Remove recurrent (overlapping) slashes from string

Question

I m parsing URLS like this

>>> from urllib.parse import urlparse
>>> urlparse('http://foo.bar/path/to/heaven')
ParseResult(scheme='http', netloc='foo.bar', path='/path/to/heaven', params='', query='', fragment='')
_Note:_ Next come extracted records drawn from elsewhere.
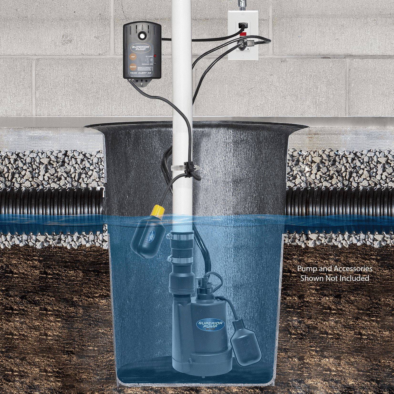 Superior Pump 92060 Tethered Water Alarm System for Utility Water Sump Pump, 87 Decibel, 9 Volt
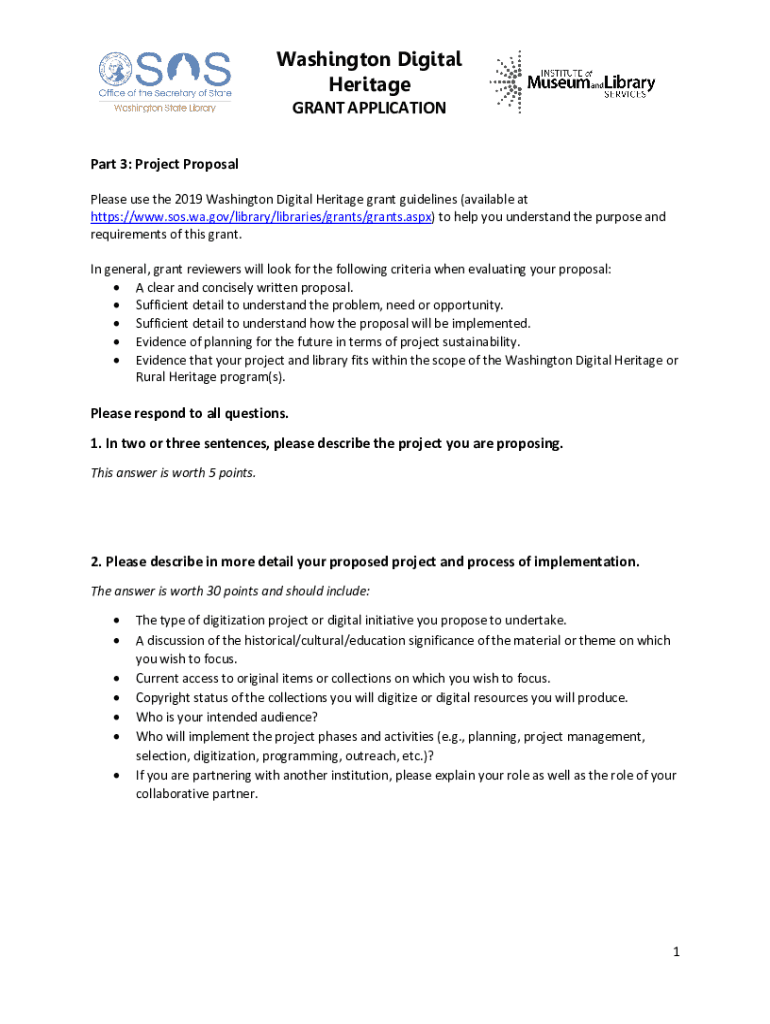 Washington Digital Heritage GRANT APPLICATIONPart 3: Project Proposal Please use the 2019 Washington Digital Heritage grant guidelines (available at https://www.sos.wa.gov/library/libraries/grants/grants.aspx)
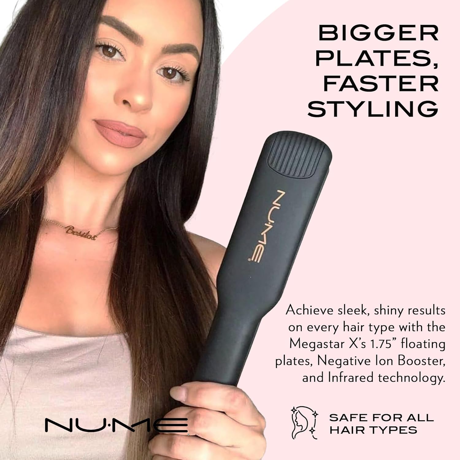 | Product Benefits | NuMe uses Far Infrared Heat & Negative Ion Conditioning Technology that seals in your hair's natural moisture and eliminates static electricity, leaving you with long-lasting, frizz-free styles. |
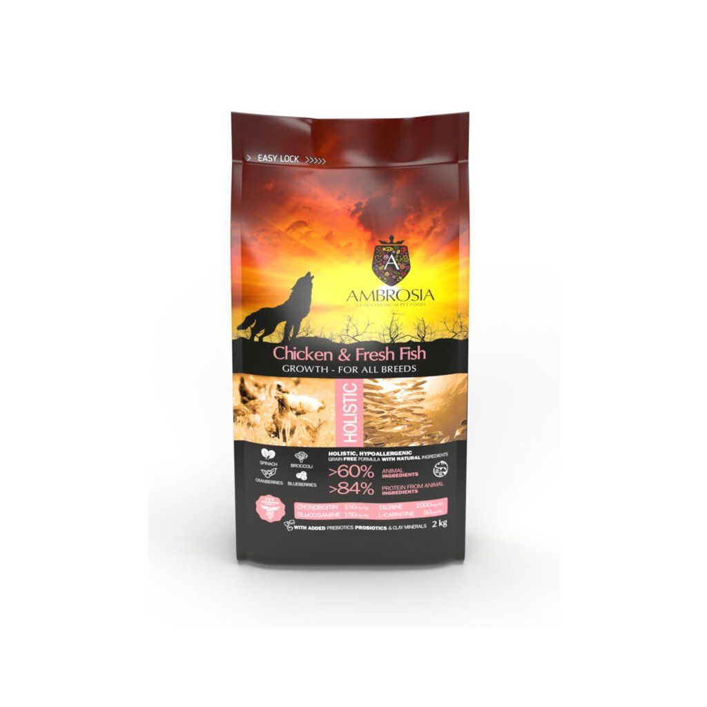 Ambrosia Chicken & Fresh Fish je holistické, hypoalergénne a bezobilninové krmivo pre šteňatá všetkých plemien. Receptúra s kuracím mäsom a čerstvou rybou poskytuje optimálnu výživu pre zdravý rast, podporu trávenia, vývoj kostí, svalov a celkovú vitalitu mladého psa.
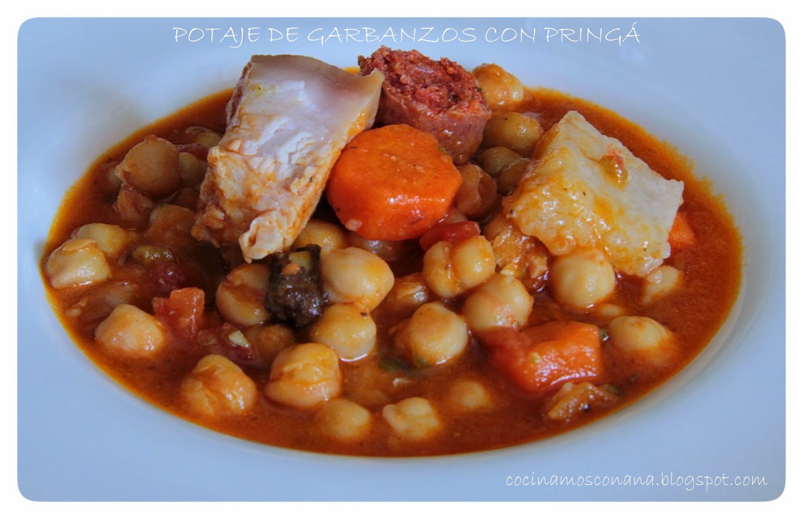 Hoy me apetece cocinar: POTAJE DE GARBANZOS CON PRINGÁ.

Suppose I have an URL that has a malformed path with recurrent / like this:

>>> x = urlparse('http://foo.bar/path/to/////foo///baz//bar'))
ParseResult(scheme='http', netloc='foo.bar', path='/path/to/////foo///baz//bar', params='', query='', fragment='')

As you can see, the x.path still contain recurrent slashes, I'm trying to remove them so I have tried split and looping and replacing like this:

>>> newpath = x.path.split('/')
['', 'path', 'to', '', '', '', '', 'foo', '', '', 'baz', '', 'bar']
>>> for i in newpath:
    if i == '':
        newpath.remove('')
>>> '/'.join(newpath)
'/path/to/foo/baz/bar'

Which gives the desired output but i think this solution is inefficient and trash. How can I do it better?

@jsb No, I read about regex being slow and should be avoided at most, thats why i haven't thought of using them — tofu, Aug 06 '20 at 22:17

score 2 · Accepted Answer · answered Aug 06 '20 at 22:16

This is what regular expressions are made for:

import regex as re

url = "http://foo.bar/path/to/////foo///baz//bar"

rx = re.compile(r'(?:(?:http|ftp)s?://)(*SKIP)(*FAIL)|/+')
url = rx.sub('/', url)
print(url)

This yields

http://foo.bar/path/to/foo/baz/bar

See a demo on regex101.com. The only real problem is to leave any double forward slashes in the protocol as they are, hence the newer regex module and (*SKIP)(*FAIL). You could achieve the same functionality with lookbehinds in the re module.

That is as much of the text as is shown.